But it sounds like he isn't a IT guy who wants to run a proper enterprise environment. I agree with you running a proper 5+ nodes ceph cluster with multiple fast NICs with stacked routers, multiple onsite/offsite PBSs, proper isolation, defined roles between host and guests, everything rolled out in software by a orchestrator, no single-point-of-failure, full redundant enterprise/datacenter hardware and so on would be much better. But sounds more like a small homeserver for private use where stuff just should work with the least effort possible. Doing it the proper way requires a lot of expensive hardware and years of education...probably two things he isn't willing to invest to just watch some self-hosted movies after work.
Using a unprivileged LXC with user remapping is the second easiest thing (after running a VM or privileged LXC) he could do. This is what he asked for and what I explained him.

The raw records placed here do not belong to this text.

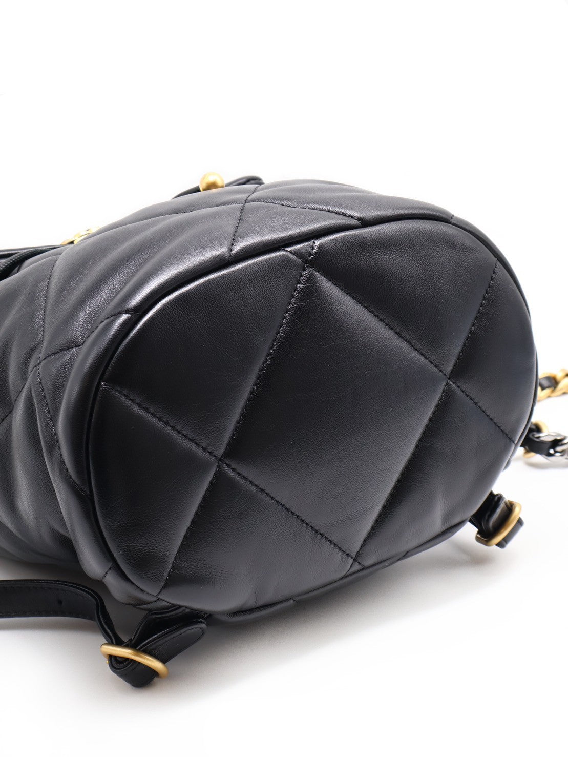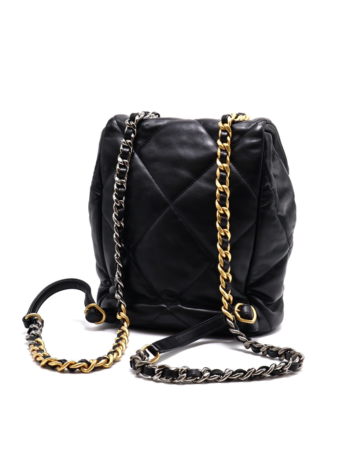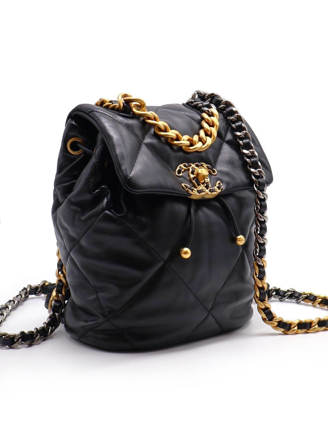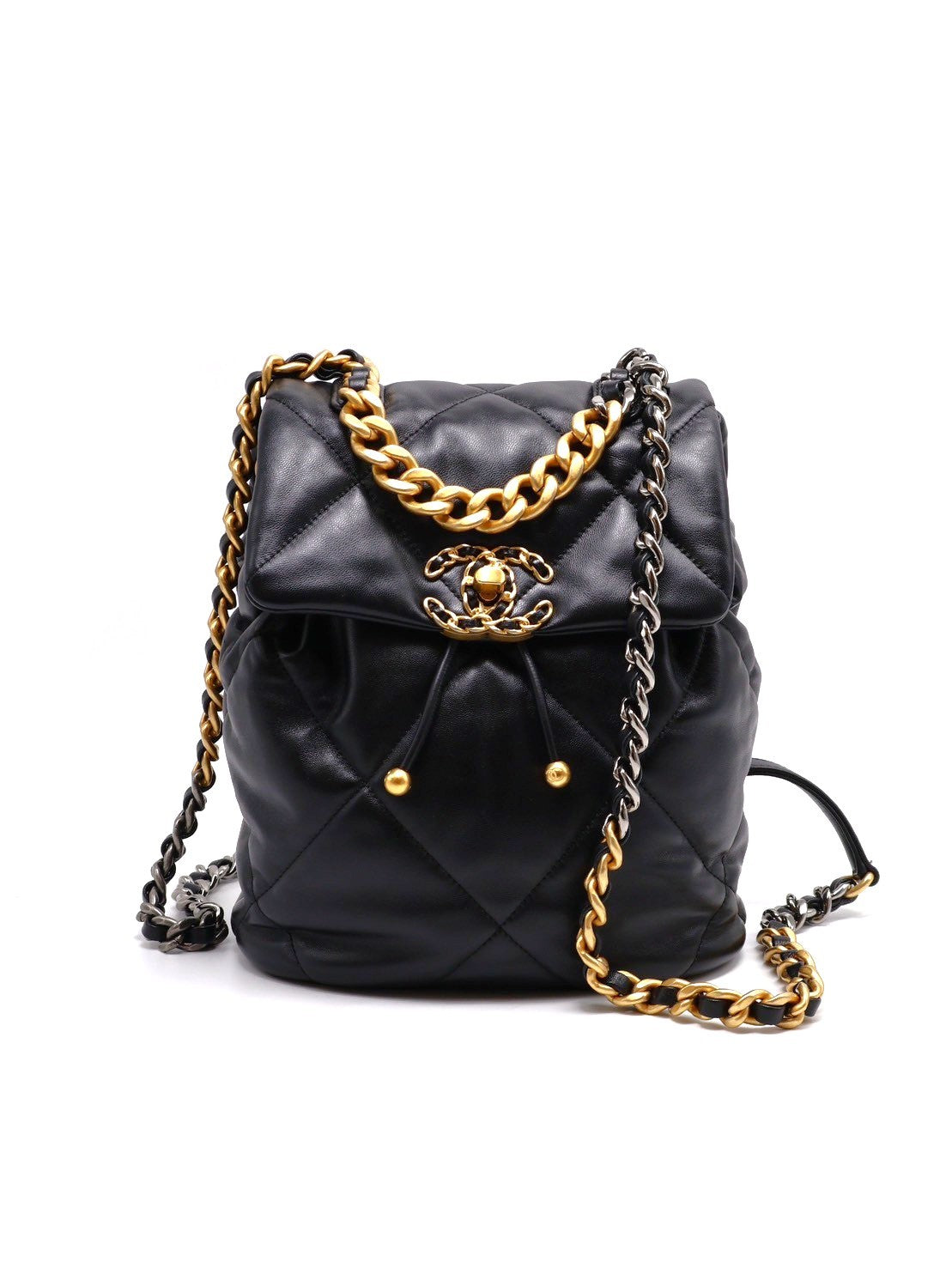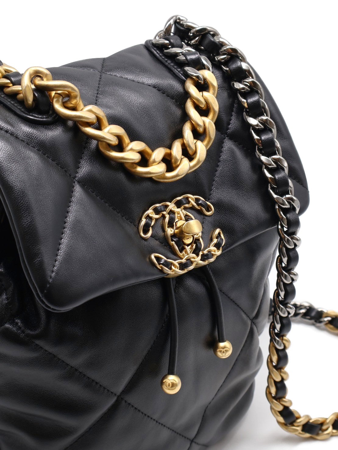 CHANEL 19 菱格紋羊皮後背包 - 黑金
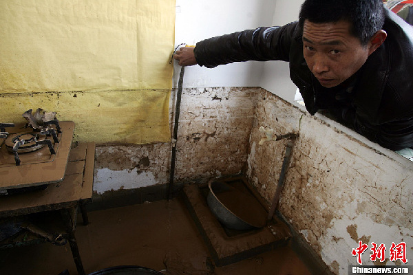 2月15日,山西省洪洞县曲亭水库灌溉输水洞洞顶发生垮塌事故,导致下游坝体出现管涌,坝体大面积塌陷,满蓄1900万立方米的水库正在向下游流进。距离水库下游的甘亭镇南羊獬村是受灾最严重的村庄之一。图为村民告诉记者,家中水深曾达78厘米。张云 摄
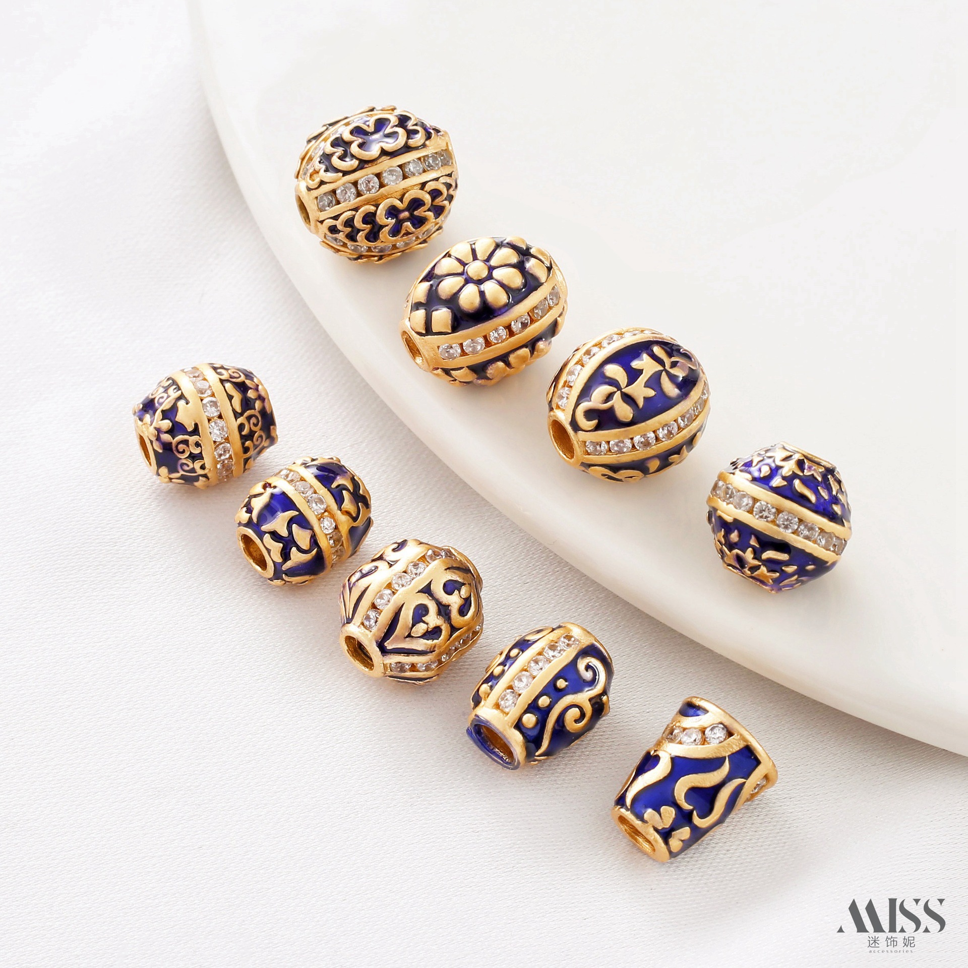 18K warna dibalut emas aksesori perhiasan gelang tali kalung diy manik-manik spacer pola porselen biru dan putih glasir biru tertanam berlian emas matte kuno
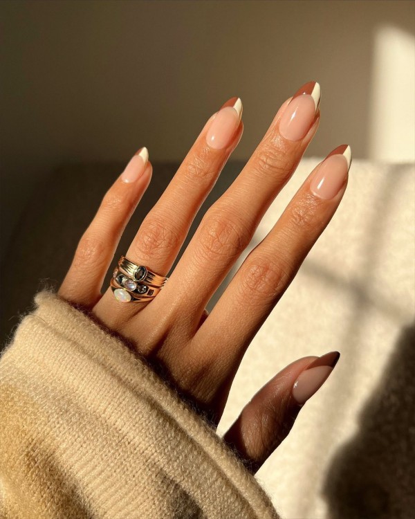 Ще одна ідея – графічний френч: попросіть майстра намалювати на вільному краї дві чіткі смуги коричневого і білого кольорів, вони чудово поєднуються один з одним.
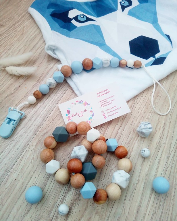 Изготавливаю именные деревянные и силиконовые держатели для пустышки, браслеты-игрушки, которые помогают облегчить прорезывание зубов, развивают мелкую моторику!
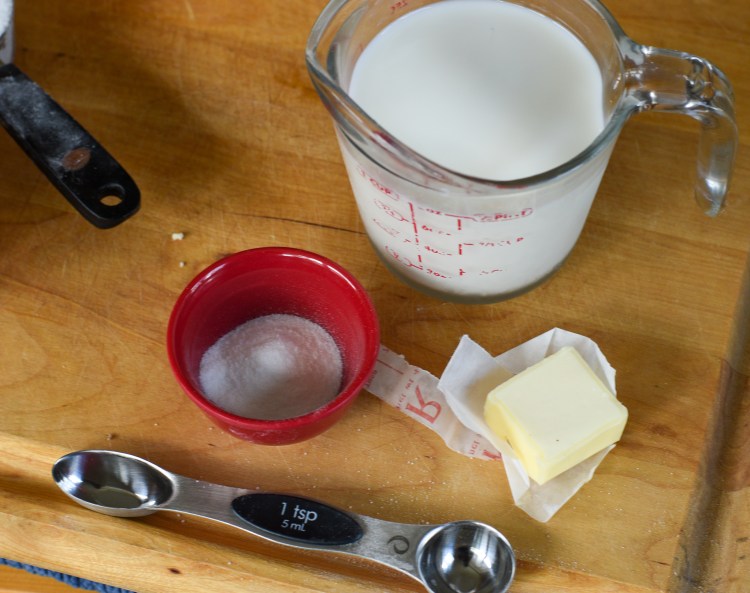 - 7 Tbsp. unsalted butter, (cube while cold, let sit until room temp)
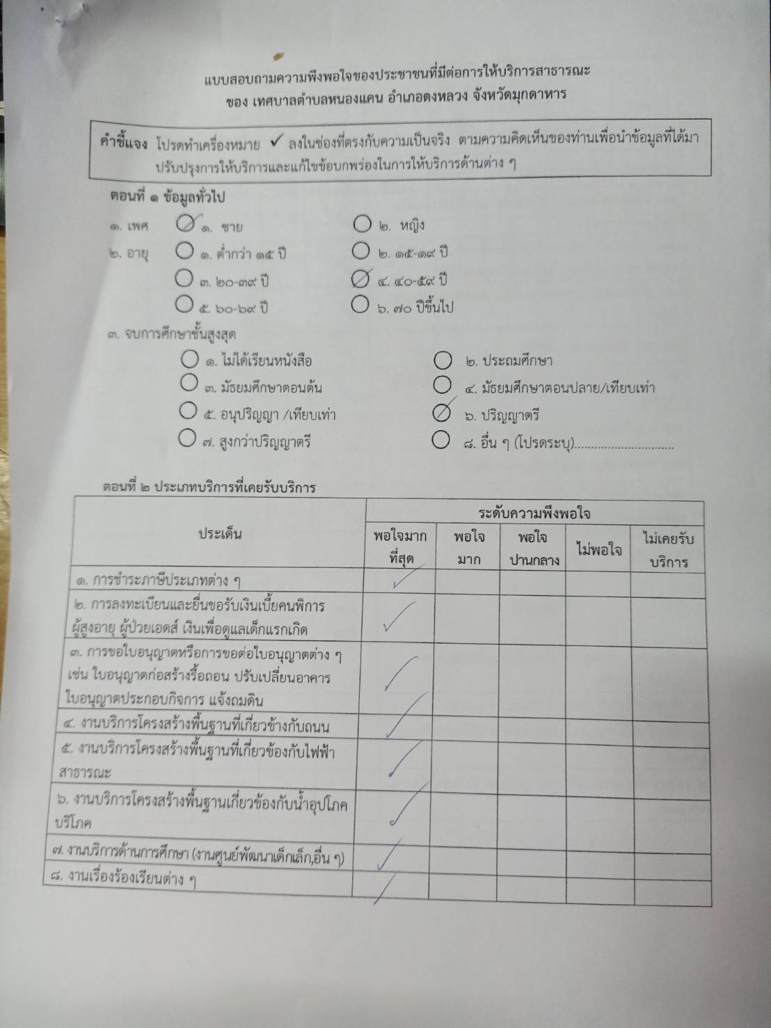 แบบสอบถามความพึงพอใจของประชาชนที่มีต่อการให้บริการสาธารณะ ของเทศบาลตำบลหนองแคน
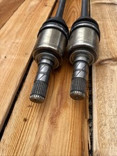 The product is a pair of front left and right CV axle shafts for Subaru Forester, Impreza WRX, and Crosstrek models. Made by TrakMotive, these drive axle front pieces are designed for easy installation on the left and right sides of the vehicle. The product comes with a manufacturer part number (Sb-8065) and a California Prop 65 Warning regarding potential health risks associated with the product. It is essential to consider this warning when purchasing and using the CV axle shafts to ensure safety and awareness of potential hazards. Low mileage used after market front axles, fits many Subaru models. Check and confirm fitment prior to ordering. Part number on axle is: SB-8065
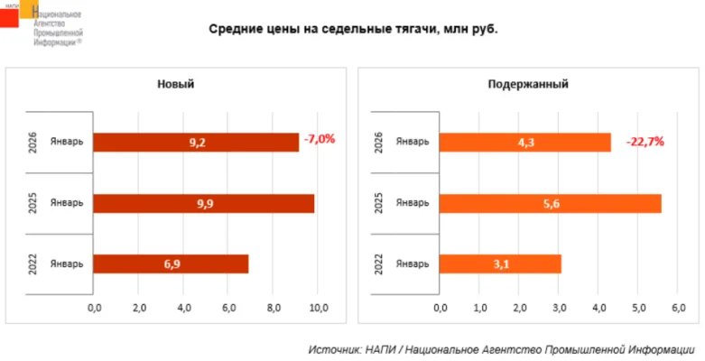 В начале 2026 года рынок седельных тягачей в России преподнес неожиданный сюрприз: стоимость как новых, так и подержанных машин заметно снизилась. По данным маркетингового агентства НАПИ, средняя цена нового тягача в январе составила 9,2 миллиона рублей, что на 7% меньше по сравнению с концом прошлого года. Однако еще более впечатляющее падение зафиксировано на вторичном рынке — здесь средняя стоимость опустилась до 4,3 миллиона рублей, что означает снижение сразу на 22,7%.
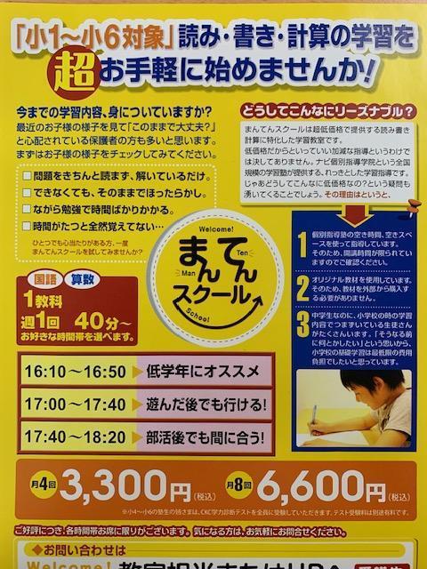 本日は小学生さん対象の『まんてんスクール』についてご案内いたします。
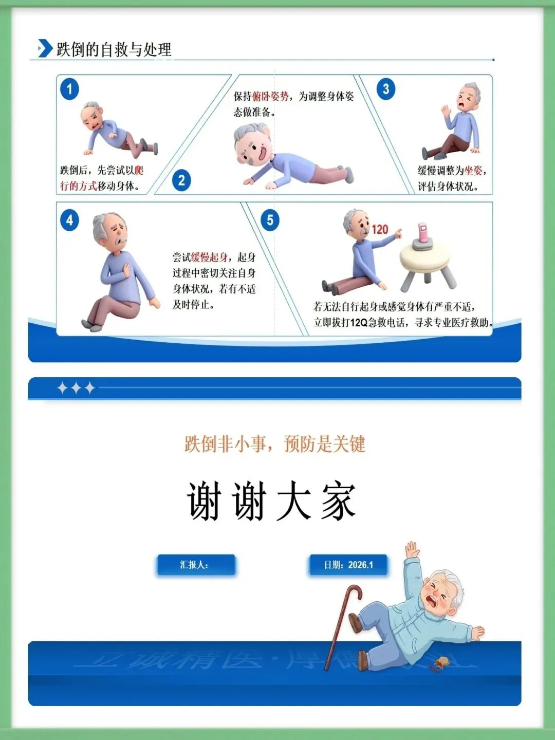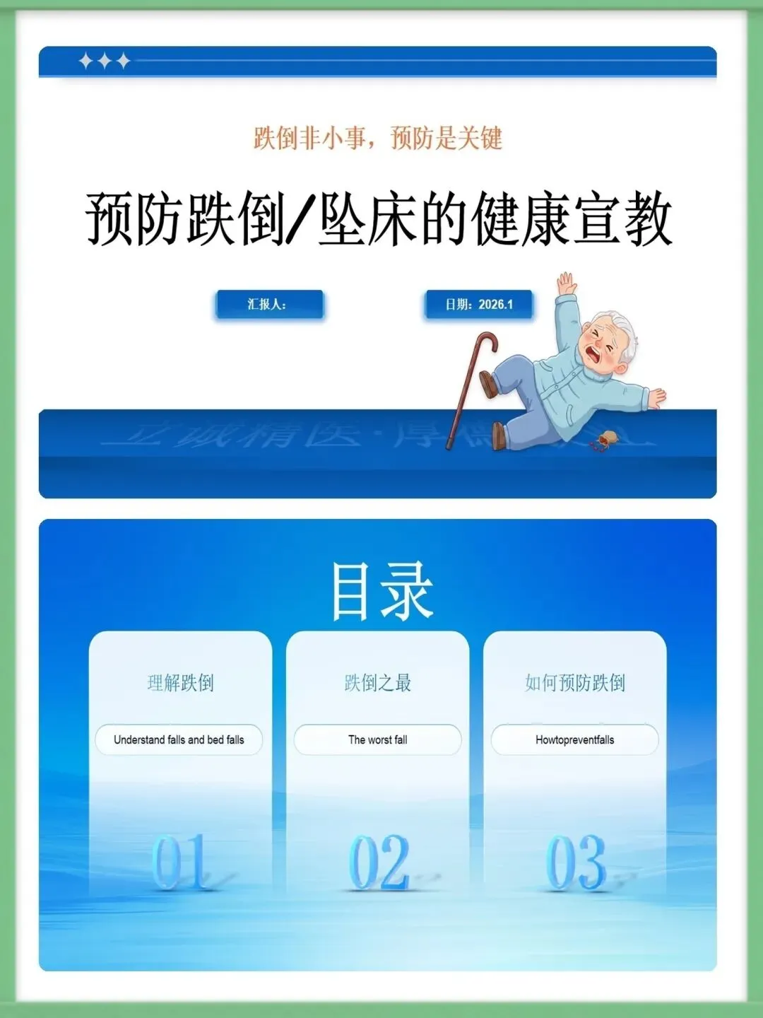 🌲名称:预防跌倒、坠床的健康宣教ppt模板课件模板
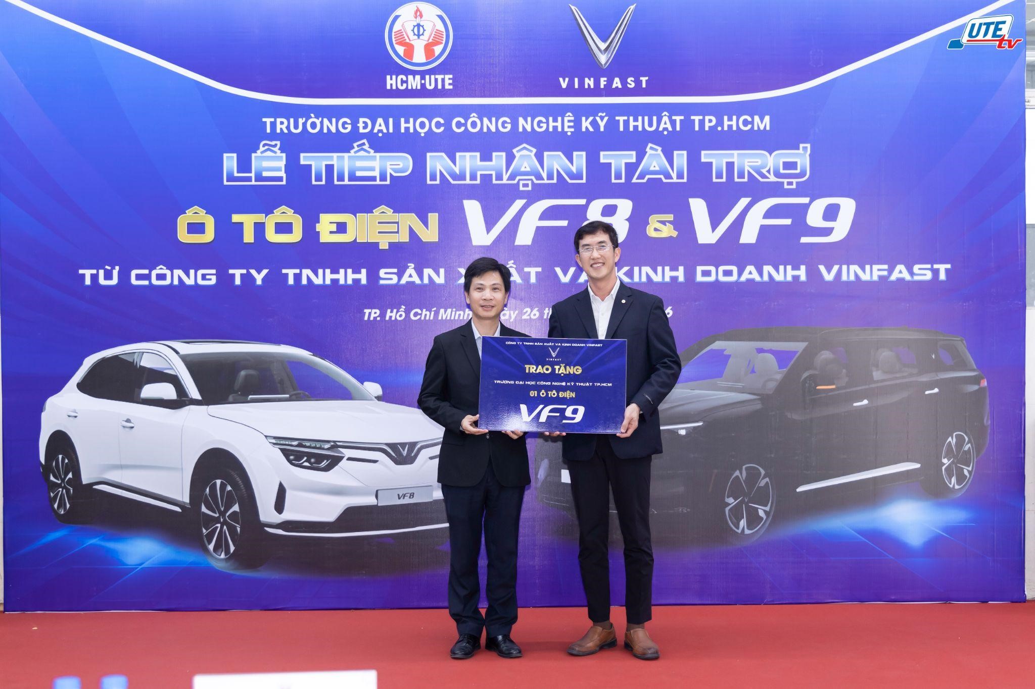 HCM-UTE representatives receiving the donation board from VinFast
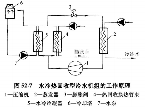 水冷熱回收型冷水機組是在標準型水冷式冷水機組的基礎上派生出的,可對冷凝廢熱加以部分回收或全部回收利用的水冷雙管束型冷水機組或水冷熱回收型冷水機組。其工作原理如圖52一7所示,是將水冷冷凝器作成兩組管束:一組用于冷凝熱的回收;另一組用于將利用不了的多余熱量排除出去。兩組管束熱量的分配可在一定的限度(取決于熱回收管束的換熱面積)范圍內,隨時根據用熱設備需用熱量的多少來進行控制。此外,在結構上隨制造廠家的不同,用于熱回收的換熱管束既可做成如圖52一7所示的,從制冷循環角度看,與水冷冷凝器并聯,也可串接在其前。

To try to stay within the constraints of your mental model, it's more akin to user "alice" who works for Microsoft wondering why they can't access the homedirectory of user "bob" who works at Ford. In their desparation, "alice" obtained a name change from the government and is now called "bob (formerly known as alice)", but they still can't get to the files that the real "bob" has at Ford...
Jup. Usernames doesn't matter at all, they just map to UIDs. Different UIDs = different users. And it doesn`t make it easier understandable that UID 1000 on the host is something different than UID 1000 in the LXC when not manually remapping it from 101000->1000 to 1000->1000.
But he wanted an explanation that is even more simple. At some point you can't make it more simple without oversimplifying it dropping some details. While your example is better explaining whats actually happening under the hood, it's probably also harder to unterstand.